Сначала мне вспомнилась вот какая сцена: отец учит меня кататься на велосипеде и бежит за мной в скверике, разбитом перед БАЛЕРИНОЙ НАЛЮСТГАССЕ. Потом — он лежит в больнице, закатывает левый рукав пижамы. Вокруг мест уколов виднелись фиолетовые синяки. А затем отец стоит перед мамой, — мне кажется, это происходило на озере Хойштадльвассер. Стоит, как мне запомнилось, ПУГАЮЩЕ голый. Потом он стоит уже передо мной, в прихожей нашей новой квартиры. Он не пытается ударить или броситься на меня, и я не отбиваю его удар.
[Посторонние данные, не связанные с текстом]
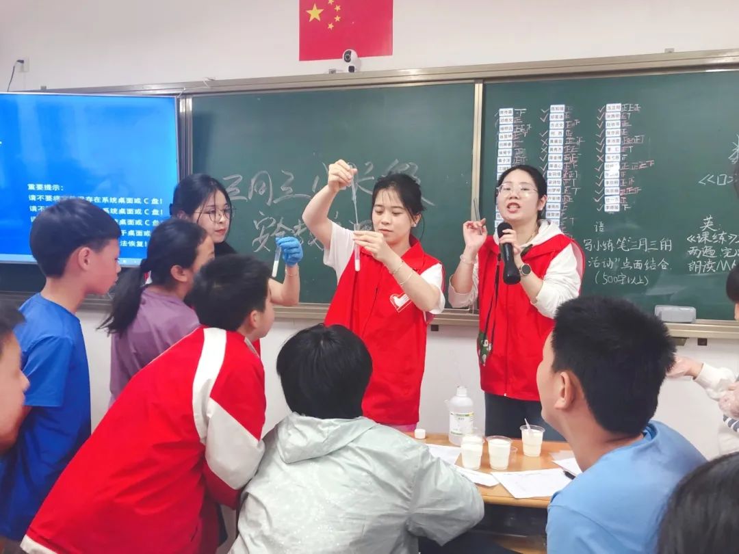 在宣讲中,主讲人巧妙运用知识迁移与情境创设的方法,借助哪吒以莲藕重塑肉身的神话情节,自然流畅地引入对莲藕营养成分的科学实验。在宣讲团讲师卢苇、胡莉的指导下,同学们开展了两项有趣的实验,帮助同学们了解日常食物中的营养成分——淀粉和蛋白质。通过碘液对淀粉的显色反应,探究馒头、西红柿、莲藕以及瘦肉等常见食材中是否含有淀粉。通过观察使用双缩脲试剂对蛋白质的显色反应,直观了解牛奶中蛋白质的特性。这些实践探究活动,充分体现了 “做中讲、讲中思” 的理念,不仅加深了同学们对食物营养结构的科学认知,更极大激发了他们对科学实践的浓厚兴趣,为培养创新思维与实践能力奠定坚实基础。

А потом мне было двенадцать, я лежал в больнице, и отец рассказывал мне анекдот о том, как маленькому Мойше делали обрезание. А может быть, он рассказал анекдот об обрезании раньше, мне было тогда всего шесть, и я лежал не в больнице МОНАШЕСТВУЮЩИХ БРАТЬЕВ, а в больнице СЕРДЦА ИИСУСОВА. А еще мне вспомнилась сказка про барана, и барана этого подлинной улице гнали на бойню. И МАМА отняла у меня эту книгу, сказав, что детям такое читать еще рано.
И вот наконец сцена из моих школьных лет, я уже подросток, и на перемене обнаруживаю, что мама, нарушив неписаные школьные правила, дала мне с собой бутерброд с луком. Заметив это, одноклассник по фамилии Бавон спросил у меня, не еврей ли я. Сам не знаю, признавал или отвергал я своего отца, дав на этот вопрос ответ:
— Это еще почему, я же хожу на уроки закона Божьего!
— Да какая разница, евреи иногда маскируются!
И тут у меня в душе что-то произошло.
Я хотел было повторить: «Я не еврей».
Но просто не сумел произнести эти слова.
— Да, — сказал я, — ты прав. Ты меня разоблачил.
* * *
Дома мне захотелось прилечь, но едва я лег, как почувствовал, что кровь, словно обезумев, пульсирует у меня в висках: я вскочил и заходил по комнате, ни дать ни взять зверь в клетке. Но, потом, боясь, что сейчас ударюсь о какой-нибудь острый угол, я сел и схватил блокнот. «Дорогой папа, — писал я, — я еще так много должен тебе сказать… Мысли, образы, — я не могу разделить их в своем сознании.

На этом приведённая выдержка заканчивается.